The simplest configuration requires your account name and the token.
notifications:
slack: '<account>:<token>'
notifications:
slack: fossasia:***tokenishidden****
Import errors in Travis builds of PSLab-apps Repository
PSLab-apps repository contains PyQt bases apps for various experiments. The ‘.travis.yml‘ file mentioned above gave several module import errors.
$ python --version Python 3.2.5 $ pip --version pip 6.0.7 from /home/travis/virtualenv/python3.2.5/lib/python3.2/site-packages (python 3.2) Could not locate requirements.txt. Override the install: key in your .travis.yml to install dependencies. 0.33s$ nosetests E ====================================================================== ERROR: Failure: ImportError (No module named sip)

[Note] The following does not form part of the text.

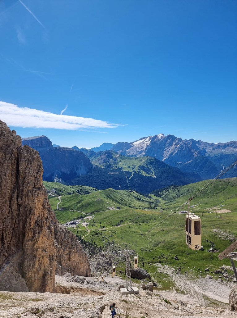 Arrivati al Passo Sella, in base alle vostre capacità, dovrete valutare se proseguire a piedi o prendere la bidonvia che vi porterà a Forcella Sassolungo.
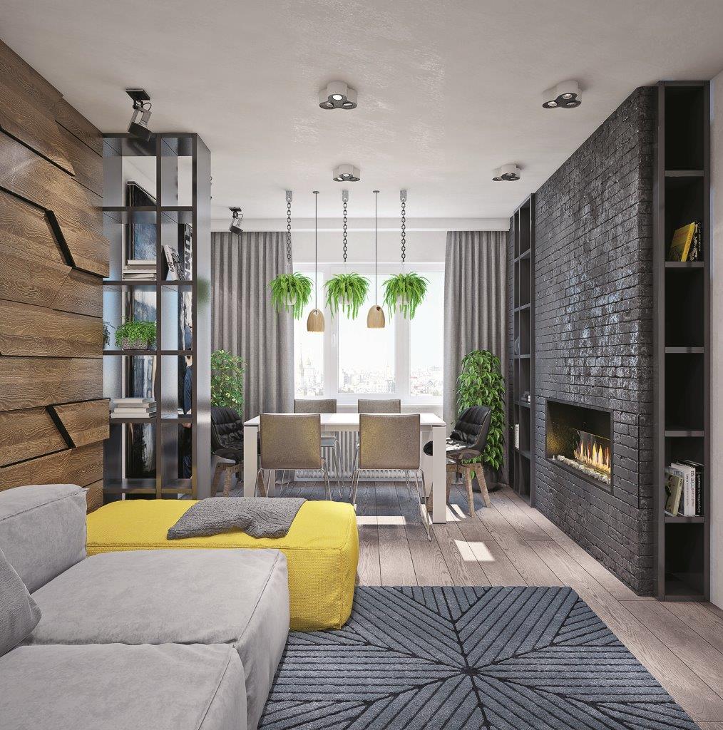 Чёрная кирпичная стена подчёркивает «мужской» характер интерьера. Зрительно смягчает брутальность стеновая панель с характерной природной текстурой, огонь в камине, ярко-жёлтый пуф и растения (напольные и в подвесных кашпо), которыми обыграна обеденная зона.

The repo is installable and PSLab was working fine on popular linux distributions without any errors. I was not able to find the reason for build errors. Even after adding proper ‘requirements.txt‘ file, travis builds errored.
On exploring the documentation I could figure out the problem.

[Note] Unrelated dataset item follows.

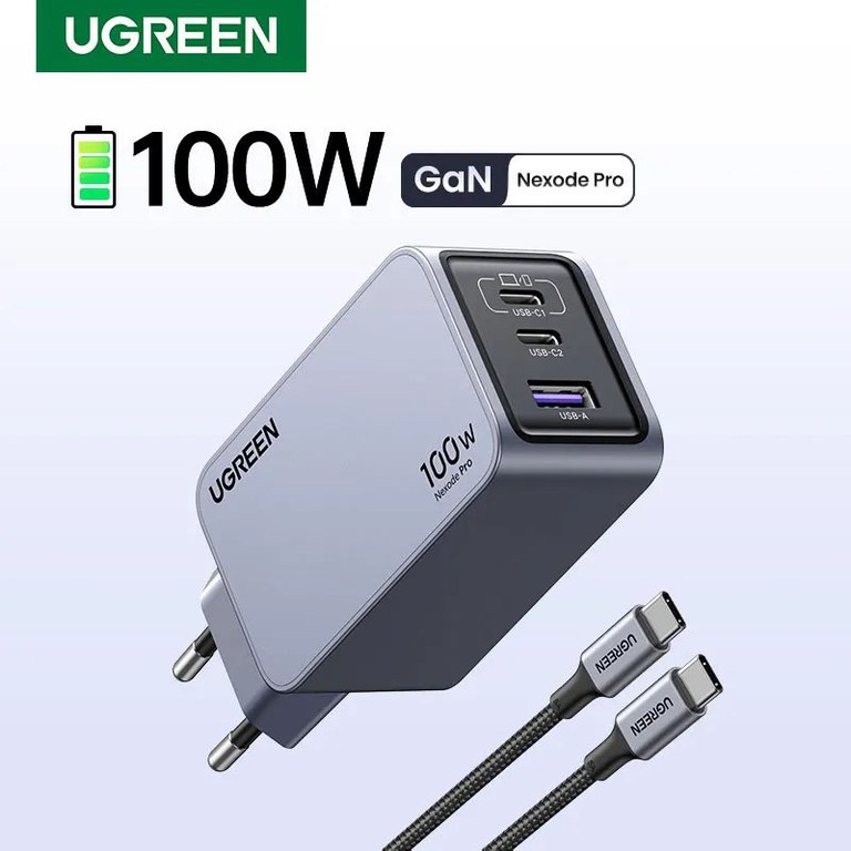 Incarcatorul rapid UGREEN Nexode Pro 100W este o solutie compacta si puternica pentru alimentarea rapida a dispozitivelor tale. Datorita tehnologiei GaN, gadgetul ofera o eficienta energetica superioara si o disipare redusa a caldurii, astfel ca desigmul sau a devenit mai redus, ceea ce iti permite sa il iei in toate calatoriile tale. Cu 2x USB-C si 1x USB-A, permite incarcarea simultana a mai multor dispozitive, fiind compatibil cu MacBook, iPhone, iPad, Samsung, Huawei, Dell si multe altele. Suportand standarde de incarcare rapida precum PD 3.0, QC 4.0+ si PPS, asigura o alimentare optima si sigura pentru fiecare dispozitiv. In plus, sistemele avansate de protectie impotriva supraincalzirii, supratensiunii si scurtcircuitului garanteaza o utilizare fiabila. Cu un design modern in culoare gri metalic, UGREEN Nexode Pro 100W poate fi optiunea smart pentru cei care au nevoie de un incarcator performant, sigur si portabil. Incarcatorul rapid retea UGREEN Nexode 100W 3-Port GaN Fast Charger EU are urmatoarele caracteristici: Putere maxima 100W; 3 porturi ( 1 x USB-A +2 x USB-C); Tehnologie GaN IIt; Incarcare inteligenta. Dispozitivul de care ai nevoie UGREEN Nexode Pro este un incarcator compact, dar cu posibilitati mari. Iti ofera o putere de incarcare de pana la 100 W, iar datorita celor 3 porturi USB disponibile, poti alimenta mai multe dispozitive simultan, fara probleme. Suporta standarde de incarcare rapida si il poti folosi cu succes pentru o gama larga de dispozitive populare, inclusiv laptopuri, smartphone-uri si console de jocuri. Incarcare simultana Incarcatorul Nexode Pro poate alimenta simultan mai multe dispozitive inteligente. Echipat cu 3 porturi – USB-A si 2x USB-C, dispozitivul permite incarcare eficienta si rapida. Cu o putere de 100 W si compatibilitate cu standarde de incarcare rapida precum PD, QC, PPS, SCP, FCP, AFC, Apple 5V 2.4A, Samsung 5V 2A si BC1.2, vei putea alimenta cu energie dispozitivele tale intr-un timp scurt. Siguranta garantata Iti doresti o incarcare sigura pentru dispozitivele tale? Cu Nexode Pro, nu trebuie sa iti faci griji! Gadgetul este dotat cu un cip inteligent care protejeaza atat incarcatorul, cat si dispozitivele conectate impotriva supratensiunii, supraincalzirii, scurtcircuitului si supracurentului, oferindu-ti astfel o utilizare fiabila si fara riscuri. Performanta maxima intr-un format compact Nexode Pro utilizeaza tehnologia avansata GaN, care ii permite sa fie cu 40% mai mic decat incarcatoarele standard, mentinand in acelasi timp aceeasi putere si eficienta. Datorita designului sau compact, este ideal atat pentru calatorii cat si pentru utilizarea zilnica. Indiferent daca esti in drum spre munca, calatoresti sau lucrezi de la distanta, acest incarcator iti asigura o incarcare rapida si fiabila, fara a ocupa mult spatiu. Vezi si politica de retur.

Travis CI Environment uses separate virtualenv instances for each Python version. System Python is not used and should not be relied on. If you need to install Python packages, do it via pip and not apt. If you decide to use apt anyway, note that Python system packages only include Python 2.7 libraries (default python version). This means that the packages installed from the repositories are not available in other virtualenvs even if you use the –system-site-packages option. Therefore I was getting Import module errors.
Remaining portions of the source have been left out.